Tampa Bay Buccaneers
On January 20, 1997, he was signed by the Tampa Bay Buccaneers and allocated to the Amsterdam Admirals of the World League of American Football, where he collected 18 receptions for 217 yards and one touchdown as the starter at tight end. In the NFL regular season, he appeared in 8 games (2 starts). 
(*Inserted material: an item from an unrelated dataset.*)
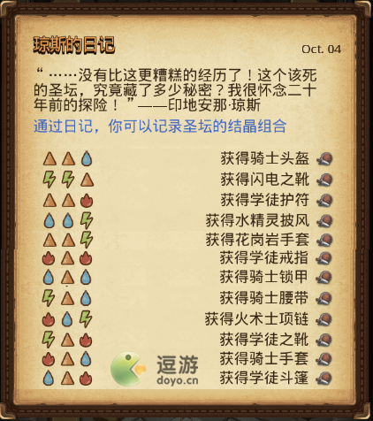 2、冒险者之森杀5个猴子没什么好说的,主要看一下遗落圣坛的装备配方,做5件就可以了,都非常简单。

In the next 2 seasons, he was the third-string tight end behind Dave Moore and Patrick Hape. In 1999, he contributed to a 14-13 playoff victory over the Washington Redskins, catching the winning touchdown with 7:29 minutes left.

Minnesota Vikings
On June 1, 2000, he signed as a free agent with the Minnesota Vikings. He appeared in 15 games (9 starts), tallying 17 receptions for 202 yards and one touchdown. In July 2001, he suffered lacerations to his face in a car accident. On July 29, he was placed on the non-football-related injury active list. On August 9, his contract was terminated after he failed a physical.

Chicago Bears
On August 14, 2001, he was signed by the Chicago Bears, to provide depth after tight end  Kaseem Sinceno was lost for the season with a fractured left ankle. He appeared in 16 games (7 starts), making 11 receptions for 68 yards and no touchdowns

In 2002, he appeared in 10 contests and started 8 games over Fred Baxter. He posted a career-high 20 receptions for 193 yards and 3 touchdowns, despite missing the final 5 contests after injuring his back against the Detroit Lions.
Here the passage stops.